# Question about legality in Ontario



## YMS_1975 (Jan 6, 2013)

I have a question about my fishing license (in Ontario). I was wondering, hypothetically speaking, with my fishing license would I be allowed to catch a turtle from the wild (such as Terra Cotta or Professors Lake) like the common snapping turtle.

Mind you, I'm not planning on doing this; I've got 5 turtles already and want to get into breeding guppies for them, but a friend of mine and I, got into a rather sticky debate (bordering argument) about whether or not it was legal.

I was under the impression that you could not remove wild life (even if you had a fishing license). His argument was you can because you have the license, and you're allowed to remove fish so why not the turtles.

But my understanding was that you can't. Can somebody please shed some light on this situation for me?


----------



## characinfan (Dec 24, 2008)

See this page: http://www.mnr.gov.on.ca/en/Business/LetsFish/2ColumnSubPage/STEL02_165367.html -- but it's best not to take snappers, as they are a species of special concern.

It is apparently not OK to take other turtles, even if those turtles are invasive species.  Argh.


----------



## YMS_1975 (Jan 6, 2013)

*That's what I thought!*

I knew it!!!! He was carrying on and on about how it's legal. I already knew that the snapper was a concern in terms of being on an endangered (concerned) list, but he seemed 100% sure that I had some doubts about my beliefs.

Glad I'm not as out of the loop he had me (and our friends) believe.

I'm a registered member on a popular online turtle forum, and I had read numerous times how you're not allowed to but I thought I'd ask here (since this is more specific to my locale); the turtle forum I'm a part of is largely U.S. based.

Thanks for the answers guys.


----------



## bob123 (Dec 31, 2009)

Also you might want to tell your friend that a fishing license only permits you to fish for game fish and you cannot transport live game fish, which you would need a special permit for that purpose.


----------



## Hitch (Apr 26, 2009)

TMK there is a law in Ontario (maybe Canada) that prohibits the removal of native turtle species, and it also prohibits keeping these turtle species in captivity. (unless you have a special license for that, which I think is for conversationalist organizations or research organizations.)


----------



## YMS_1975 (Jan 6, 2013)

*He was so convincing.*

I knew exactly what you guys have confirmed for me, but he was so confident in his argument that he actually stirred up some doubt in my mind. 

I copied the link and I'll be showing him this later tomorrow.

I KNEW IT!!!!!  Mr.
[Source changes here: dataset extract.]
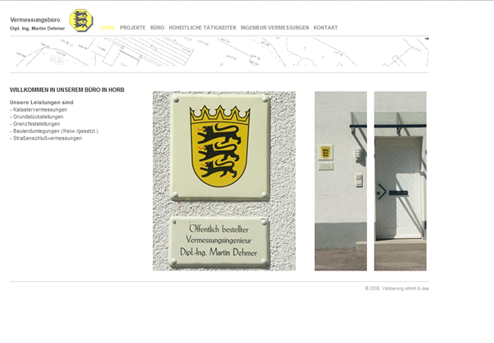 Im Auftrag des Vermessungsbüro Dehmer, entwarf ich ein Layout für die Internetpräsenz und setzte es dann um.

Big Shot kept going on about how I was wrong. LOL. I'm totally going to rub it in his face tomorrow. Not that it matters, but the whole thing started when I explained to him the process I went through to adopt my turtles.
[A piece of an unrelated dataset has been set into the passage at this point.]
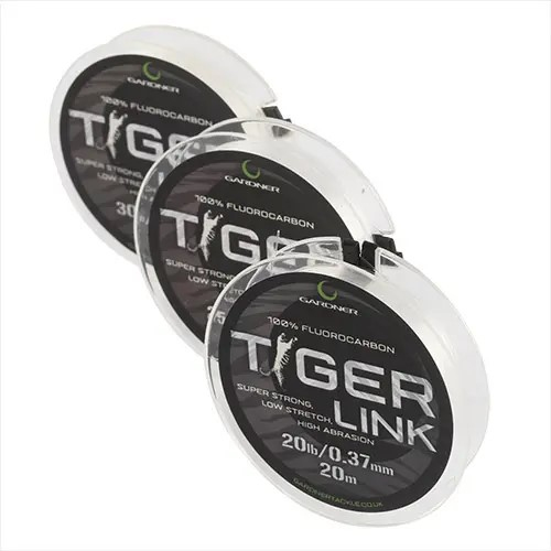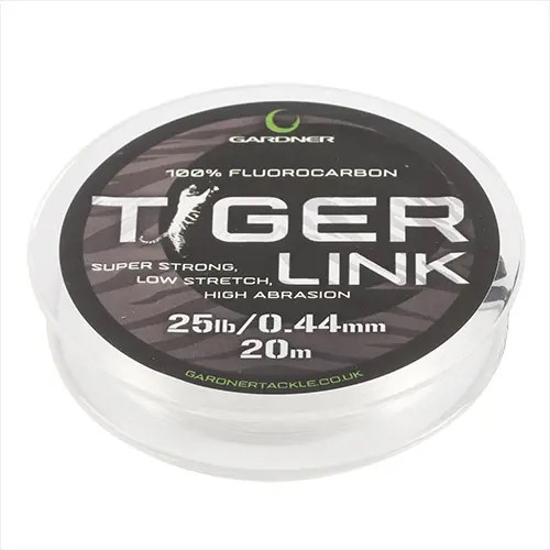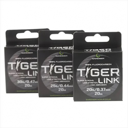 Tiger Link je skutečný 100% fluorocarbonový návazcový vlasec, který je ve vodě prakticky neviditelný. Jedná se o polymer, který poskytuje výjimečnou odolnost proti oděru a pevnost v uzlu. Tiger Link je odolný vůči UV záření, má dlouhou životnost a dobrý poměr cena/výkon. Specifikace: - Tiger Link lze dokonale narovnat pevným tahem - rychle potápivý - zlepšuje prezentaci návnady - vynikající pevnost uzlů se širokou škálou možností uzlů - perfektní pro tvoření návazců jako jsou Ronnie Rigs, Hinged Stiff Rigs a pro vázání D Rigs - k dispozici v 20lb, 25lb a 30lb - návin 20m v cívkách - vynikající odolnost proti oděru - průměr: 20 lb/0,37 mm, 25 lb/0,44 mm, 30 lb/0,47 mm

That's when he started with the whole _you should've just caught it from the wild_ argument. I guess it sorta snowballed from there. Heheh.

FYI, I'm now known as the "Crazy Turtle Guy" (because I have 5 turtles). They compared me to the crazy cat lady (from The Simpsons); only with turtles.

Whatever.


----------



## Fishfur (Mar 4, 2012)

That's not crazy. I think you have to have at least ten of something on four legs to qualify for being crazy ! Just my opinion.. ten cats, ten dogs.. ten turtles, whatever.. even ten birds would be a bit nuts. But five, that's normal.


----------



## pyrrolin (Jan 11, 2012)

I have way more than 10 fish, but I was crazy before I started with fish


----------



## pyrrolin (Jan 11, 2012)

But in fish perspective, would it be 10 tanks to be a crazy fish person? I'm about half way there already.


----------



## YMS_1975 (Jan 6, 2013)

*I agree.*



Fishfur said:


> That's not crazy. I think you have to have at least ten of something on four legs to qualify for being crazy ! Just my opinion.. ten cats, ten dogs.. ten turtles, whatever.. even ten birds would be a bit nuts. But five, that's normal.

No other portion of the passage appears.